Éloge de Montaigne/Première partie

Charles Pougens (p. 11-54).


PREMIÈRE PARTIE.


Michel de Montaigne naquit le 23 février 1533, au château dont il porta le nom. Je ne dirai rien de ses aïeux ; il fut grand par lui-même, et ses écrits l’honorent plus que n’auroient pu le faire ses titres, dans un temps où on les comptoit pour quelque chose. Personne n’a plus de droit que lui au nom de Philosophe, puisqu’aucun écrivain n’a montré un désir plus vif d’éclairer ses semblables, et n’a contribué plus que lui, à l’anéantissement de leurs préjugés, source trop féconde de nos vices et de nos erreurs.

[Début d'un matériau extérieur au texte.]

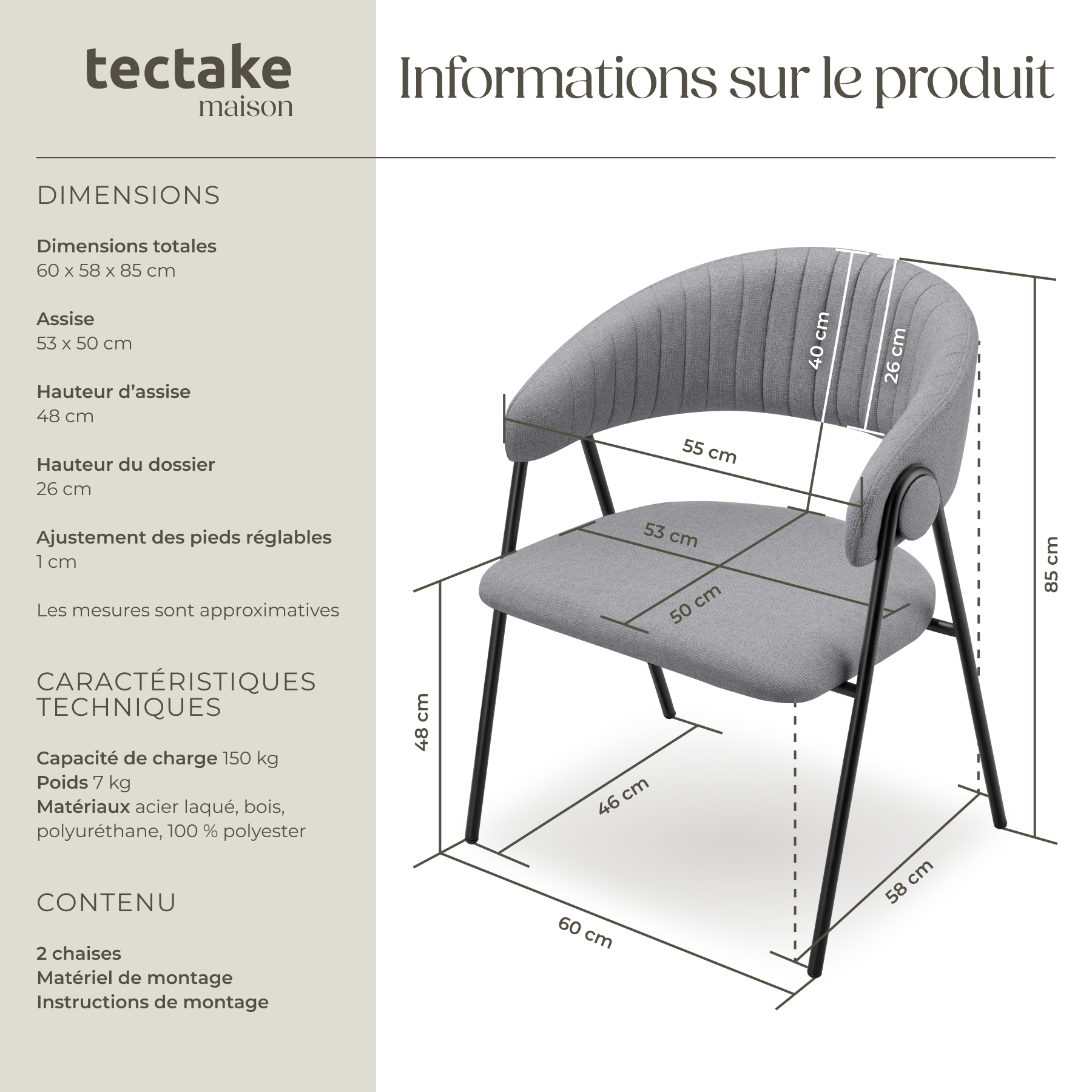 | Libellé | TECTAKE Fauteuil en tissu rembourré Lot de 2 gris |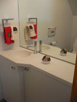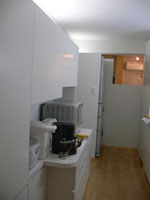 | 左:トイレの洗面台。右:階段(撥水和紙を使用) |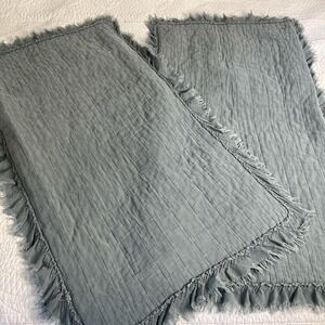 Shabby Chic Quilted Pillow Shams – Set of 2, Dusty Blue Fringe, 21x37" Standard/Queen

Il est des hommes créés par leur siècle ; Montaigne étoit destiné à former le sien. Les savans exilés de la Grèce par le despotisme, avoient trouvé un asile dans les États de Médicis, et de la protection à la cour de François Ier : la munificence de ce prince avoit tiré le génie de son assoupissement, il avoit révélé à ses peuples, le secret de leurs talens ; mais l’on n’avoit encore vu que des savans : l’art de subtiliser sur des équivoques, de paroître approfondir d’abstraites chimères, et de commenter ce que l’on ne pouvoit comprendre, usurpoit et profanoit le nom de Philosophie ; on ne rougissoit pas de rendre hommage aux insipides scolastiques, qui, après avoir étudié péniblement les questions obscures d’une ontologie puérile, et une physique moins appuyée sur des expériences que sur des suppositions, travailloient à communiquer la vénération superstitieuse qu’on leur avoit inspirée pour le dogme des Péripatéticiens ; sectaires enthousiastes du précepteur d’Alexandre, ils ne savoient pas admirer son Art poétique, son Histoire naturelle, et les autres productions de ce vaste génie, tandis qu’ils cherchoient l’infaillibilité du raisonnement dans sa Métaphysique.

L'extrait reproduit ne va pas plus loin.